If your business is physically located in the state to which you’re applying, the company may act as its own agent.

For more information on registered agents, visit LegalZoom.com; they can also provide  agent services  for businesses in all 50 U.S. states.

5. File a Certificate of Limited Liability Partnership

Whereas the drafting of an LLP Agreement is optional, filing for a Certificate of Limited Liability Partnership (sometimes called a Certificate of Registration as a Limited Liability Partnership) is mandatory.

The Certificate of Limited Liability Partnership is a more generalized form than a Limited Liability Partnership Agreement. The application for the certificate requires the listing of your business’ name and address, the names and contact info of your partners, information on your registered agent, etc.

Filing fees range anywhere from $50 to $100.

6. Register for an Employer Identification Number

An Employer Identification Number (EIN) is a nine-digit number issued by the IRS to classify a business for tax purposes. Sometimes referred to as a “Federal Tax Identification Number,” an EIN is required to open business banking accounts, to hire employees, or to make business transactions.
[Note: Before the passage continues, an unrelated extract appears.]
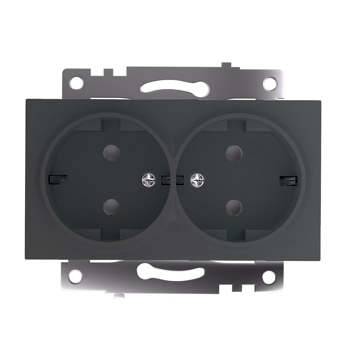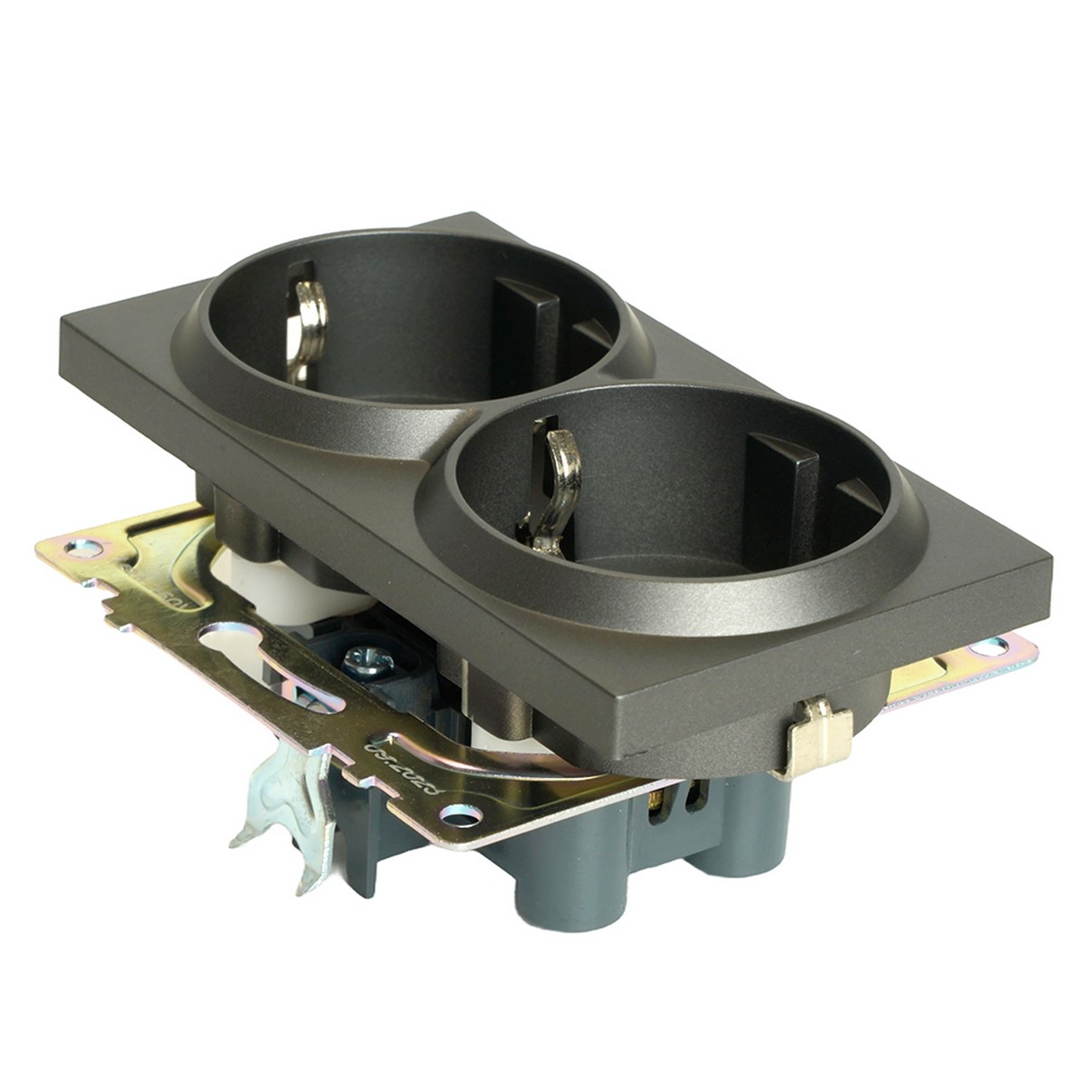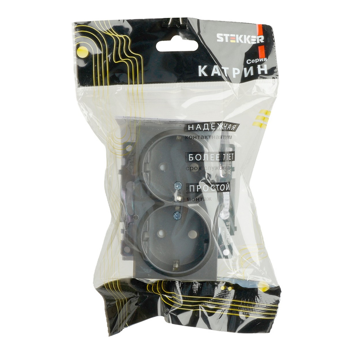 Розетка STEKKER GLS16-7114-06 на 2 гнездо, с заземлением. Материал: поликарбонат, латунь, цвет графит, размер 91*72*43мм. Номинальное напряжение 250, номинальный ток 16А, диапазон рабочих температур 0..+35°C, IP20

To apply for an EIN, file an IRS Form SS-4.

7. Obtain a state ID number

In addition to an EIN, some states also require a state ID number.

Like the EIN, the state ID number helps classify a business for tax purposes. If required, they are available through your state’s Department of Revenue.

8. Obtain required licenses and permits

Federal, state and local authorities require permits and/or licenses for specific companies to lawfully operate. These include occupational and trade licenses, zoning and health permits, as well as other requirements.

The U.S. Small Business Administration has a useful database with lists of federal and state business licenses and permits on their website. Information on required county and town permits can be found at your local County Business License Office or City Hall.

9. Purchase required insurance

Some states require Limited Liability Partnerships to purchase specific insurance plans.

Some states require workers’ compensation insurance for all businesses applying for Limited Liability Partnership. Other states also require malpractice liability insurance for LLPs to satisfy potential claims. Proof of adequate assets to cover this liability may be substituted for insurance in select states.

For more information on insurance requirements for your state, contact your local Secretary of State office, or Department of Industrial Relations. The offices can also help you locate insurance providers in your state.

10. Manage publication requirements

A small number of states require businesses to publicize LLP formation. An example of this is New York’s publication requirement.

The state of New York requires a detailed notice of formation to be published in two newspapers in the county in which the LLP is located. The notice must detail your business’ name, formation date, location, its registered agent and a business description.

An Affidavit of Publication must then be acquired from the newspaper and sent to the Department of State office.

While this can be expensive and may sound arbitrary, keep in mind that failure to comply with your state’s publication requirement may result in the loss of liability protection.

Your Secretary of State office can inform you of any publication requirements in your state, and your local county clerk can direct you to the publications needed to fulfill this requirement.

Tools and resources to move forward with an LLP

The formation of a Limited Liability Partnership is a good way for professionals to practice with partners while enjoying some liability protection. But, keep in mind that as an entity regulated at the state level, the liability protection can vary.

Be sure to check with your local Secretary of State office to determine how much liability protection an LLP can provide. A good business-formation attorney can help you decide if LLP formation is in your best interest. The IRS also has a useful database of links and information on doing business in all 50 states and the District of Columbia.